August 18, 2019

434 words 3 mins read

ranihorev/arxiv-network-graph

ranihorev/arxiv-network-graph

Arxiv’s ML papers network graph and browser

repo name ranihorev/arxiv-network-graph
repo link https://github.com/ranihorev/arxiv-network-graph
homepage http://www.lyrn.ai/
language Python
size (curr.) 2378 kB
stars (curr.) 72
created 2018-12-03
license MIT License

MLG - Visual Machine Learning arxiv Graph and Textual explorer

MLG (Machine Learning Graph) is a visual representation of ML researchers and papers, and the connections between them. Each node in the graph (/citations_network) is an author or a paper, and an edge can represent a citation, a reference or a authorship.

Note: There is an old version of the graph (/network) in which edges represent co-authorship of papers, based solely on arXiv.org.

Live demo is available at Lyrn.ai.

MLG allows you to:

  1. Search for papers or authors.
  2. Navigate between related papers and authors.
  3. Click on a node to view its list of papers and double click to expand its connections.
  4. Re-organize the network after expanding.

The backend is based on arxiv-sanity but with a lot of modifications:

  • The papers data is collected from arxiv.org and semanticscholar.org.
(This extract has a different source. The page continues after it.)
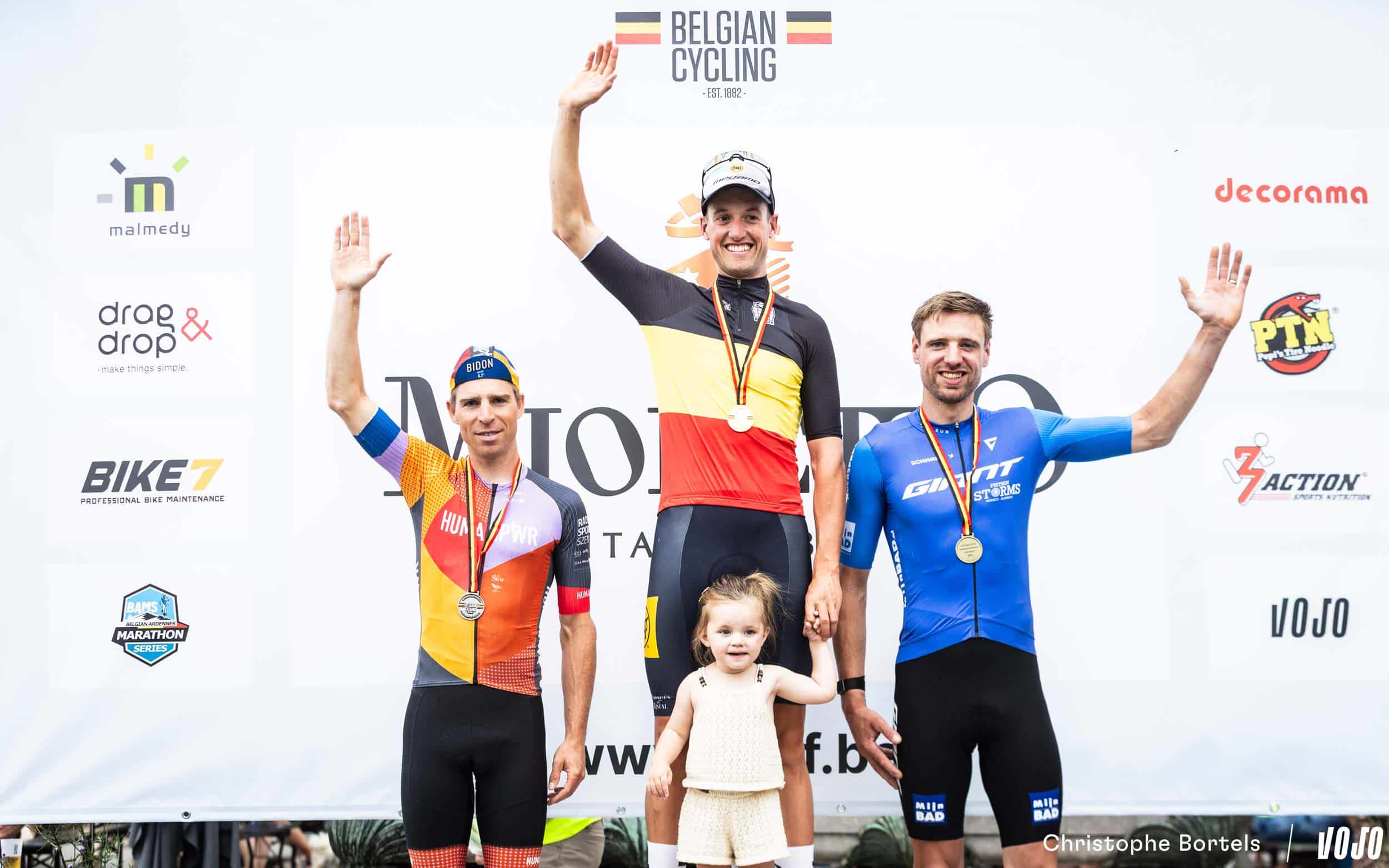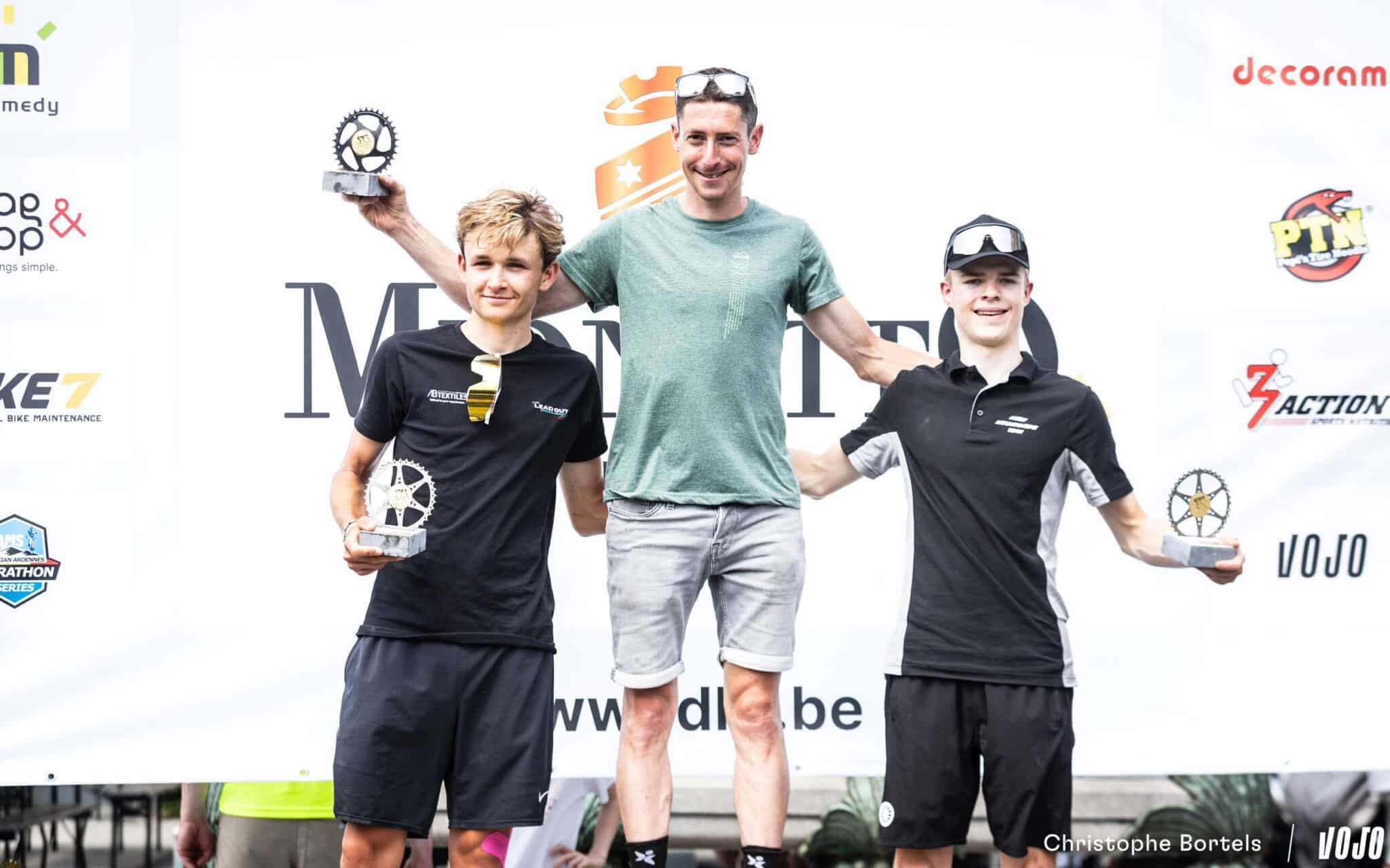 Le podium Hommes Elites des championnats de Belgique : Wout Alleman entouré de Frans Claes et Kevin Panhuyzen.
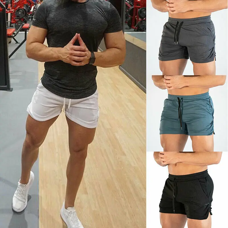 Новинка 2020, шорты для бега, мужские спортивные шорты для бега и фитнеса, летние повседневные мужские шорты для тренировок в тренажерном зале, однотонные спортивные шорты для фитнеса

Everything is stored on MongoDB.
  • Rebuilt the Twitter daemon - it now collects tweets from a list of prominent ML accounts, in addition for searching arxiv.org links on Twitter.

The project includes three parts:

  1. / - arXiv text explorer.
  2. /citations_network - The new visual network graph explorer.
  3. /network - The old arXiv visual graph explorer.

NewVersion

Example of the old version:

user interface

Dependencies

$ virtualenv env                # optional: use virtualenv
$ source env/bin/activate       # optional: use virtualenv
$ pip install -r requirements.txt

There is still some legacy code from arxiv-sanity that require some of the packages in the requirement.

Processing pipeline

  1. Install and start MongoDB
  2. Optional - Run fetch_papers.py to collect all paper from arXiv. Run fetch_citations_and_references.py to collect data from semanticScholar.org.
  3. Create twitter.txt with your Twitter API credentials (values of consumer key and secret, in separate lines). You can also add accounts to the twitter_users.json file.
  4. Run run_background_tasks.py to start background tasks scheduler.
  5. Run the flask server with serve.py.

Old version - Generating the network graph

After fetching papers from arXiv you can build the network graph by running the notebook graph_generator.ipynb. It will overwrite the static/network_data.json.

Note: Calculating the physics of the network (nodes' position) is very slow. The current hack is to run it once (by changing the physics settings in network.js) and store the calculated positions. I tried using networkX to calculate the positions, however, the results weren’t pleasing…

Running online

If you’d like to run the flask server online (e.g. AWS) run it as python serve.py --prod.

You also want to create a secret_key.txt file and fill it with random text (see top of serve.py).